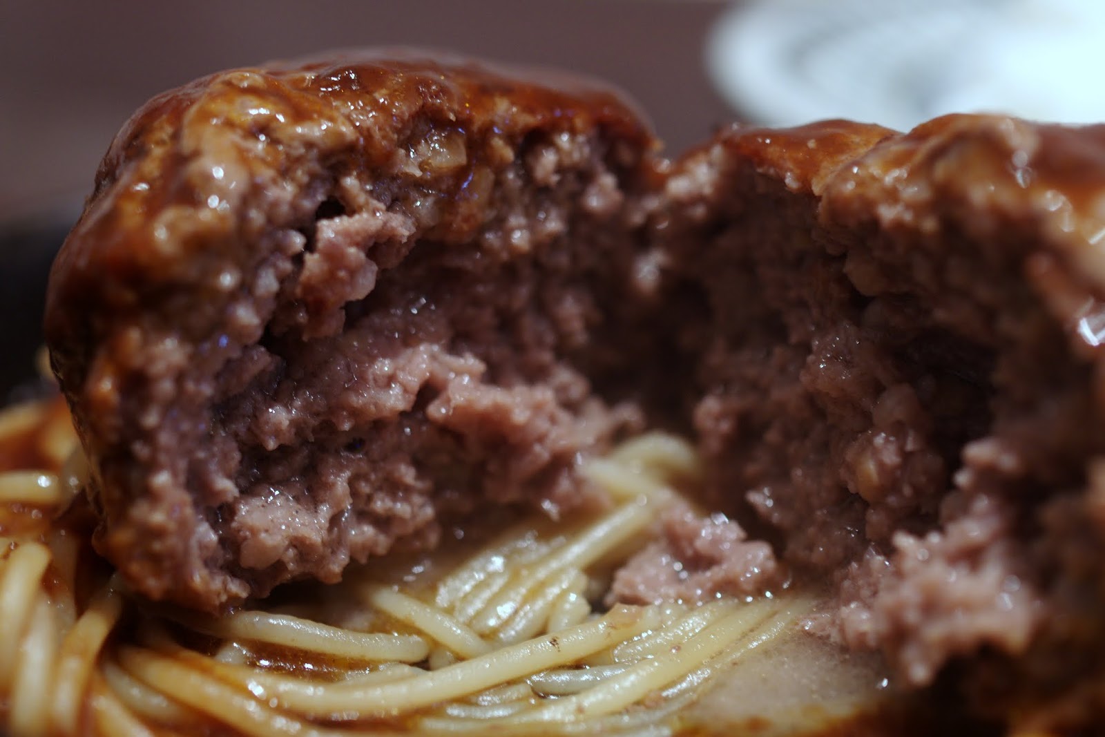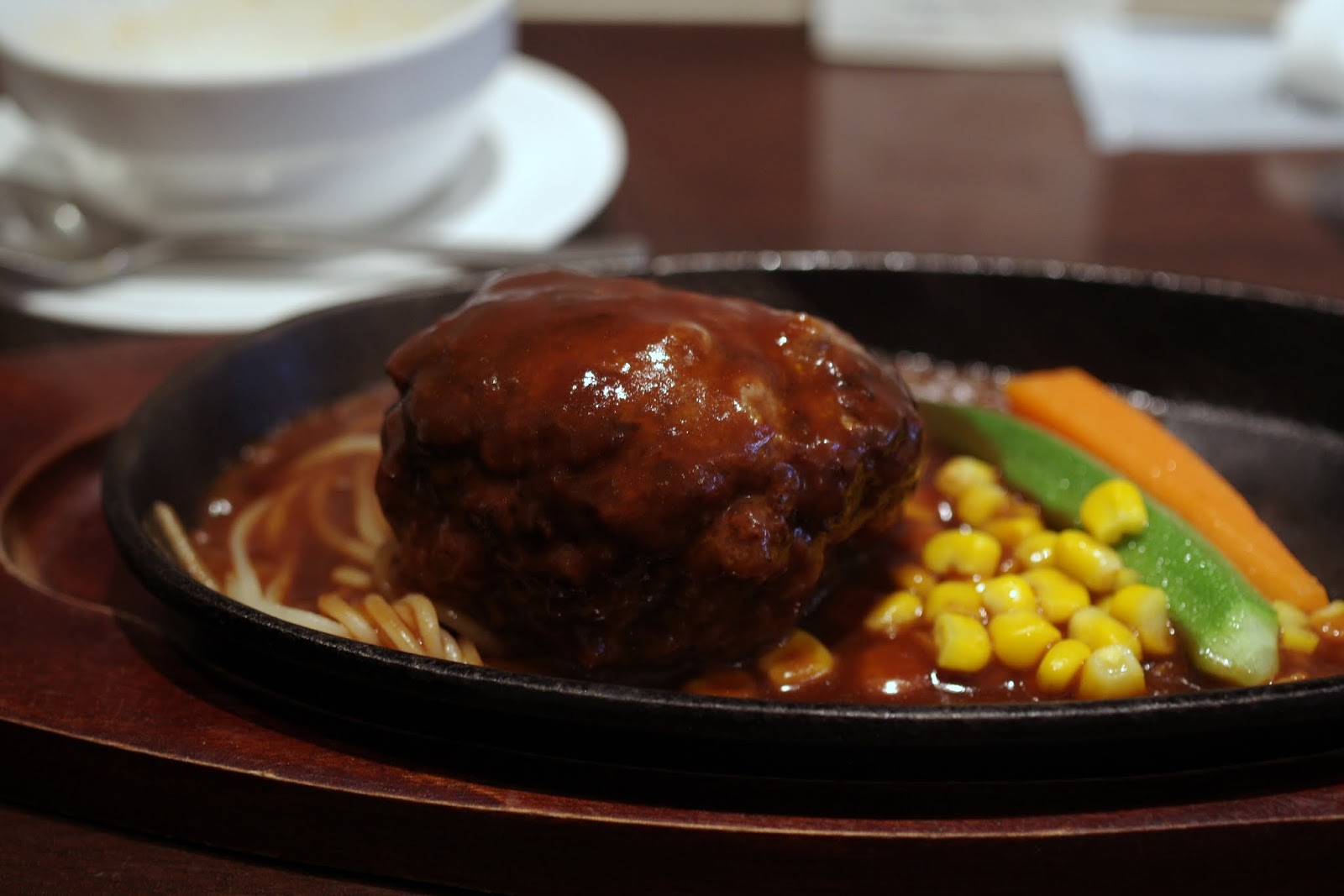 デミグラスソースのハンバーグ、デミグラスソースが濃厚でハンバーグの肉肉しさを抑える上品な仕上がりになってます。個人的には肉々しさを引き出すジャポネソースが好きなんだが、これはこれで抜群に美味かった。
:::::
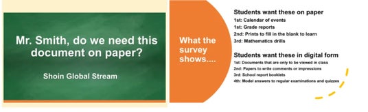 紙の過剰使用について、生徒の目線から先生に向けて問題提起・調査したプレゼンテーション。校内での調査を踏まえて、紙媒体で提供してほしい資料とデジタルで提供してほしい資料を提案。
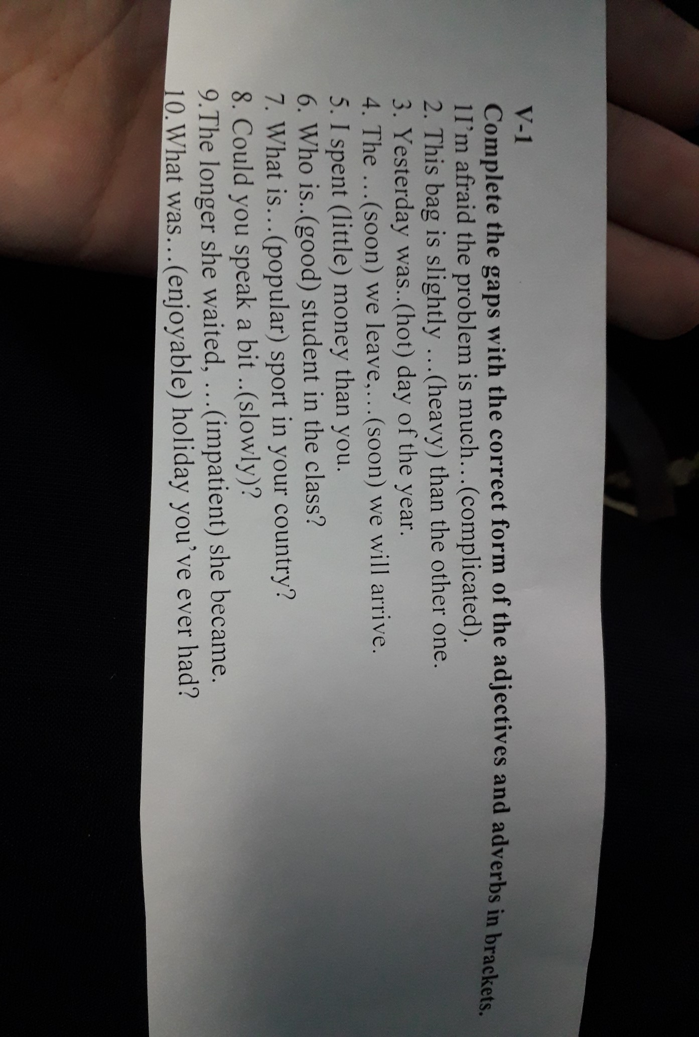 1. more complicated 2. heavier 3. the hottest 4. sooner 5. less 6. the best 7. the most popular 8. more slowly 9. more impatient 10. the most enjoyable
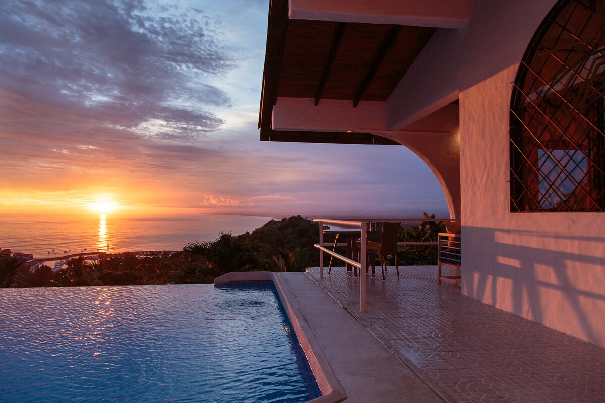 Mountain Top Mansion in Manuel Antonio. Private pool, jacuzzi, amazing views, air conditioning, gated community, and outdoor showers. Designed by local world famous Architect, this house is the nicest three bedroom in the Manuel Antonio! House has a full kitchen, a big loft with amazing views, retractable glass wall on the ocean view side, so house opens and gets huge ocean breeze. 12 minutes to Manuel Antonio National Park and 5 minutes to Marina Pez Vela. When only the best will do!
:::::
Everything above from the line with "紙の過剰使用について、生徒の" through the line with "Mountain Top Mansion" should be retyped exactly, and nothing else; omit pictures.

● **WRITTEN RESPONSE**
 紙の過剰使用について、生徒の目線から先生に向けて問題提起・調査したプレゼンテーション。校内での調査を踏まえて、紙媒体で提供してほしい資料とデジタルで提供してほしい資料を提案。
 1. more complicated 2. heavier 3. the hottest 4. sooner 5. less 6. the best 7. the most popular 8. more slowly 9. more impatient 10. the most enjoyable
 Mountain Top Mansion in Manuel Antonio. Private pool, jacuzzi, amazing views, air conditioning, gated community, and outdoor showers. Designed by local world famous Architect, this house is the nicest three bedroom in the Manuel Antonio! House has a full kitchen, a big loft with amazing views, retractable glass wall on the ocean view side, so house opens and gets huge ocean breeze. 12 minutes to Manuel Antonio National Park and 5 minutes to Marina Pez Vela. When only the best will do!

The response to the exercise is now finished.